* DATA EXCERPT *
- - -

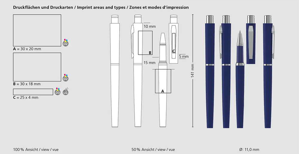 Mesurant 141 mm de longueur et 11 mm de diamètre, ce rollerball s'adapte parfaitement à la main pour une écriture fluide et précise. Sa taille compacte le rend facile à transporter et à distribuer lors d'événements.
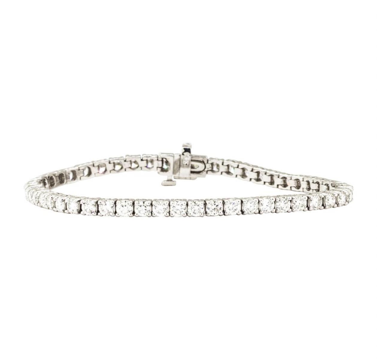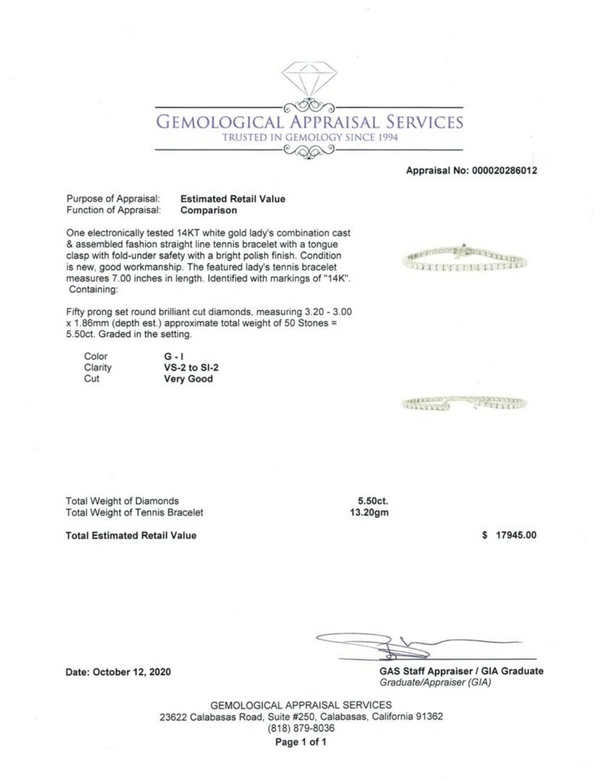 One electronically tested 14KT white gold lady's combination cast & assembled fashion straight line tennis bracelet with a tongue clasp with fold-under safety with a bright polish finish. The featured lady's tennis bracelet measures 7.00 inches in length. Identified with markings of '14K'. Condition is new, good workmanship. Containing: Fifty prong set round brilliant cut diamonds, measuring 3.20 - 3.00 x 1.86mm (depth est.) approximate total weight of 50 Stones = 5.50ct. Graded in the setting. Color G - I Clarity VS-2 to SI-2 Cut Very Good. Total Weight of Diamonds 5.50ct.. Total Weight of Tennis Bracelet 13.20gm GAS Appraised at $17945.00. GAS Appraised.
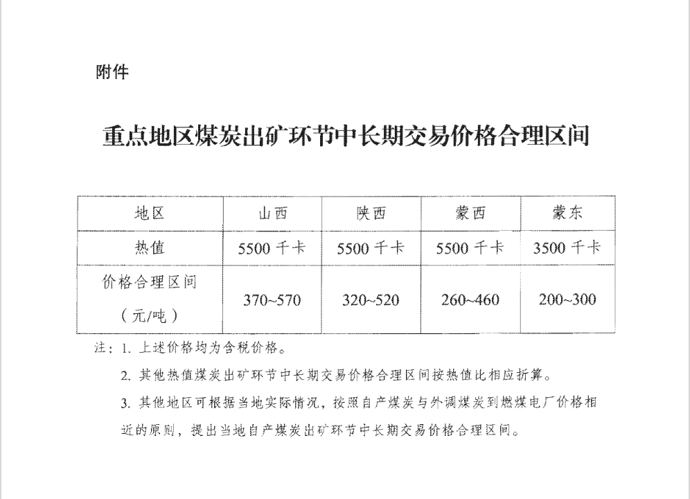 从多年市场运行情况看,近期阶段秦皇岛港下水煤(5500千卡)中长期交易价格每吨570~770元(含税)较为合理(晋陕蒙相应煤炭出矿环节中长期交易价格合理区间见附件),煤炭生产、流通、消费能够保持基本平稳,煤、电上下游产业能够实现较好协同发展。适时对合理区间进行评估完善。
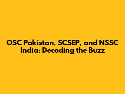 OSC Pakistan, SCSEP, And NSSC India: What You Need To Know

- - -

* ACTIVITY *
Give back the listing exactly, without a single picture.

* OUTPUT *
 Mesurant 141 mm de longueur et 11 mm de diamètre, ce rollerball s'adapte parfaitement à la main pour une écriture fluide et précise. Sa taille compacte le rend facile à transporter et à distribuer lors d'événements.
 One electronically tested 14KT white gold lady's combination cast & assembled fashion straight line tennis bracelet with a tongue clasp with fold-under safety with a bright polish finish. The featured lady's tennis bracelet measures 7.00 inches in length. Identified with markings of '14K'. Condition is new, good workmanship. Containing: Fifty prong set round brilliant cut diamonds, measuring 3.20 - 3.00 x 1.86mm (depth est.) approximate total weight of 50 Stones = 5.50ct. Graded in the setting. Color G - I Clarity VS-2 to SI-2 Cut Very Good. Total Weight of Diamonds 5.50ct.. Total Weight of Tennis Bracelet 13.20gm GAS Appraised at $17945.00. GAS Appraised.
 从多年市场运行情况看,近期阶段秦皇岛港下水煤(5500千卡)中长期交易价格每吨570~770元(含税)较为合理(晋陕蒙相应煤炭出矿环节中长期交易价格合理区间见附件),煤炭生产、流通、消费能够保持基本平稳,煤、电上下游产业能够实现较好协同发展。适时对合理区间进行评估完善。
 OSC Pakistan, SCSEP, And NSSC India: What You Need To Know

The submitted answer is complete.